For Duff Conacher, co-ordinator at Democracy Watch, a national advocacy organization working for democratic reform, the answer to the problem is simple: stop investing so much time and space to polls during the election.

He’s quick to point out that many news outlets provide excellent political coverage, but he argues that the proportion of media space given over to reporting polls is completely out of line with their importance.

Instead of reporting a poll each day, he urges editors and reporters to cover one issue a day and summarize polling data once a week. Not only would that create a more accurate snapshot of the country because it would be based on more than one poll, it would also free up space, time, and money for delving into broader issues. “We have had a ton of media space dedicated to polls that said voters have not changed their minds,” he says. “That’s a twisted way to cover politics.”

According to his research for Democracy Watch, more than 200 polls have been reported since the last election, and you can count on one hand the number of polls that have shown the parties have gone up or down more than the margin of error, which is generally three to five per cent. When a poll appeared in the middle of the election showing Harper up a couple points, and subsequent headlines said Harper’s Conservatives could form a majority government, Conacher was outraged.
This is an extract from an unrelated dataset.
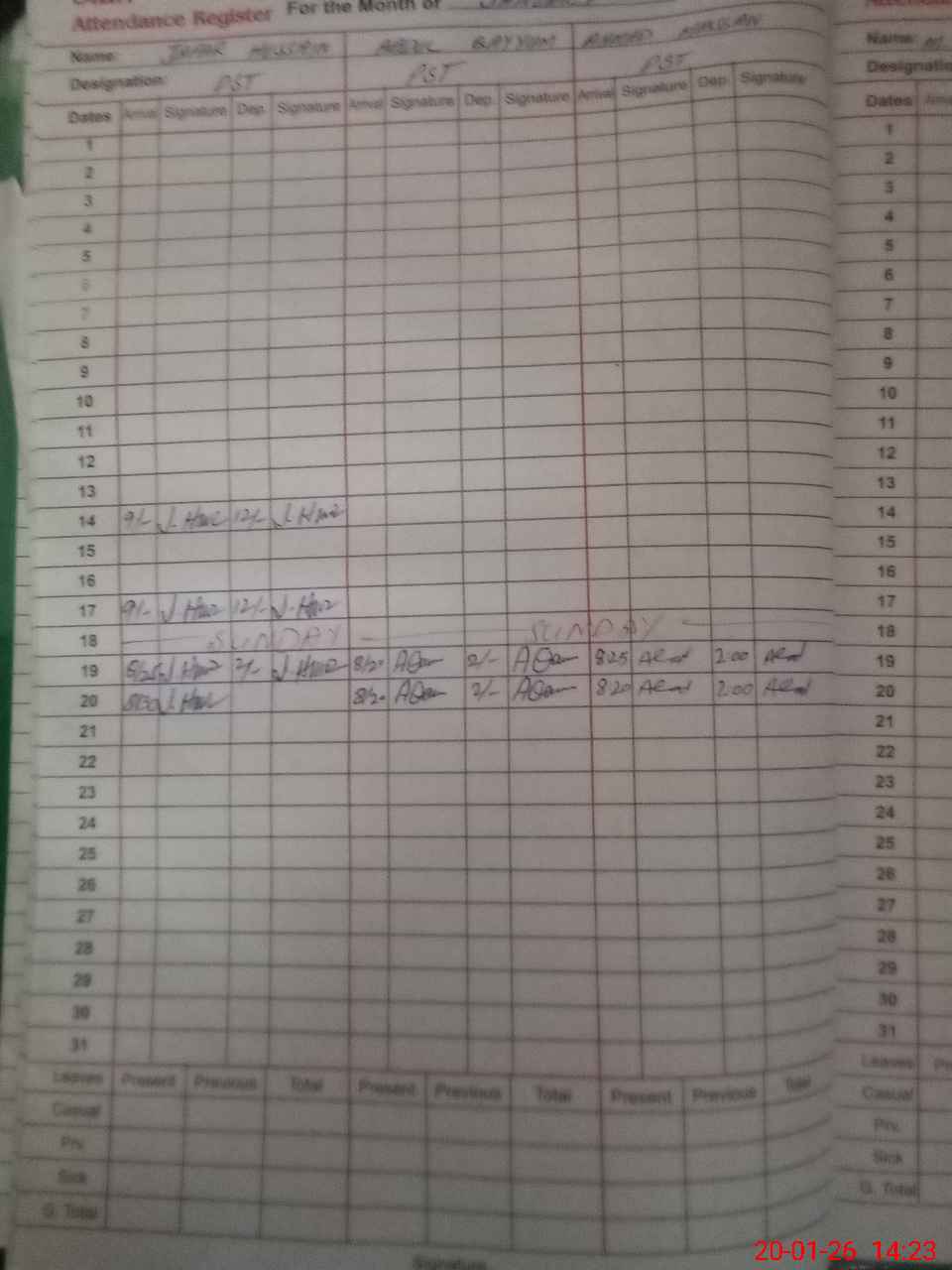 | CNIC | Full Name | Designation | R/C | Absence During Last Calender Month |

The margin of error was within a couple points.

The focus on national polls also downplays the importance of the local races, which are ultimately where voters’ primary concerns lay, he says. “We don’t elect the prime minister directly like they do in the United States,” he says. “So you can vote for who you think is the best prime minister, but you may end up actually helping the person who you least want get elected because your vote is only counted in your riding.”
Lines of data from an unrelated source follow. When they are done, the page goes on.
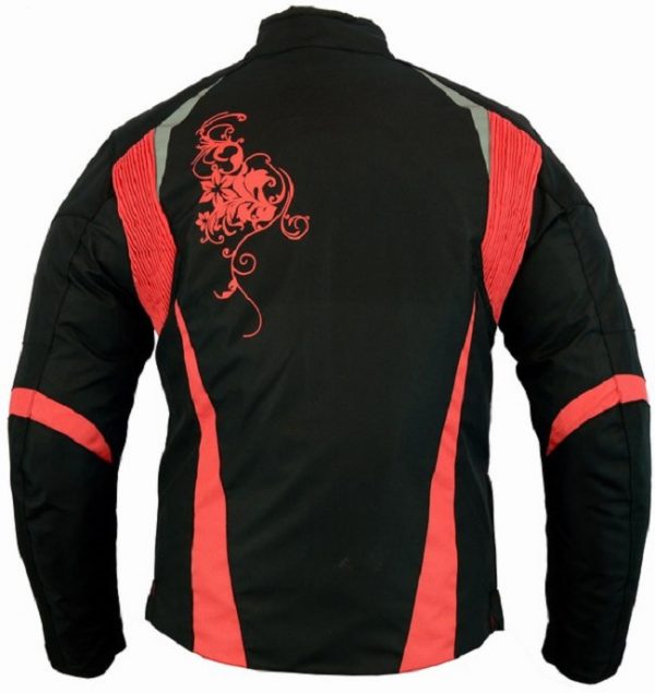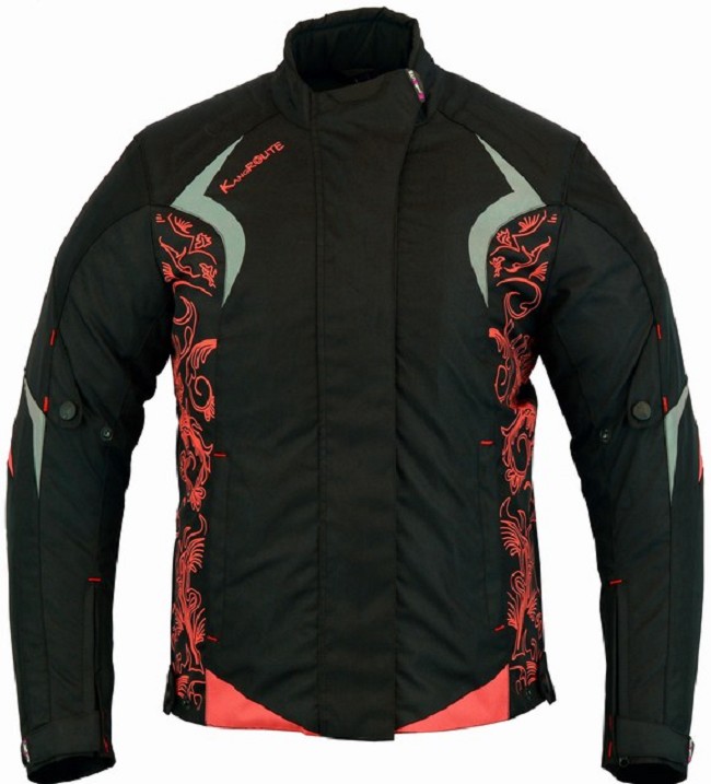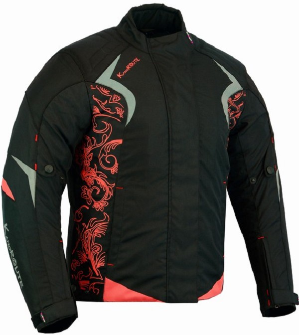 Chaqueta de cordura para mujer con protecciones homologadas CE y desmontables en codos, hombros, espalda y forro térmico desmontable. Chaqueta moto mujer invierno corta barata negro gris plata Kangroute. ESTILO TATTOO COLOR ROSA FUCSIA
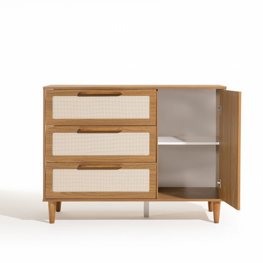 Cômoda 4 gavetas Linha Paglia Nogueira com Palhinha Natural
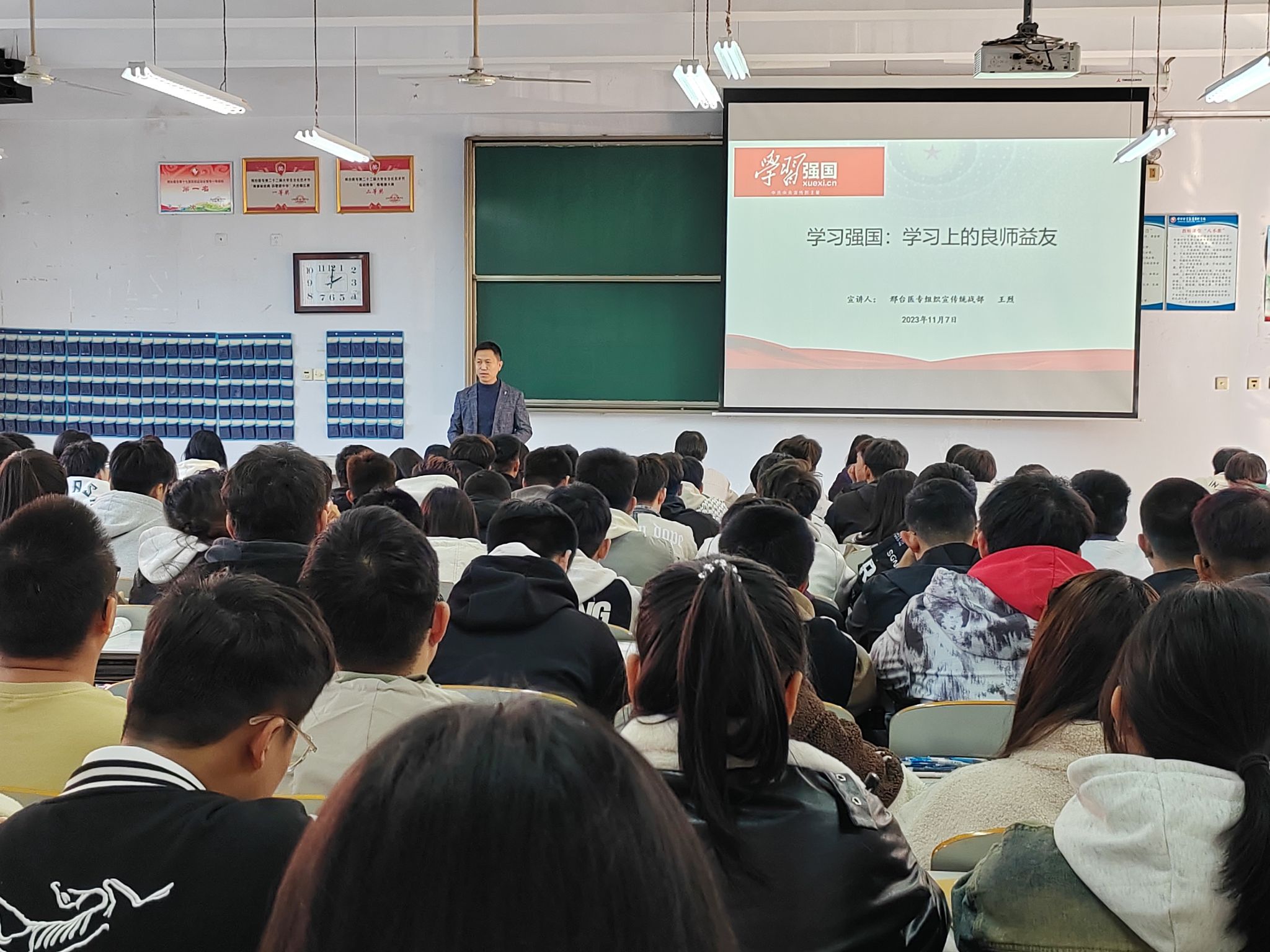 为进一步加强“学习强国”学习平台推广和使用,营造良好的学习氛围,11月7日至8日,学校“学习强国”宣讲团深入各系班级开展了以“日学不辍 强国有我”为主题的5场宣讲活动,各班学生代表共800余人参加。

Welch understands the journalistic impulse to print the latest polling data, but she argues that newspapers have gotten much better at reporting the margin of error and letting readers come to their own conclusions. “We have a responsibility to tell readers … how the campaign is shaping up in the rest of the country,” she says. “If we totally neutered polls, we wouldn’t have any sense of how the campaigns are going, and that doesn’t do anyone a service.”

And certainly, puffins, pullovers, punted candidates, and polls are all part of the story of the 2008 election. Whether any of it influences the way people cast their ballot will be revealed on Oct. 14.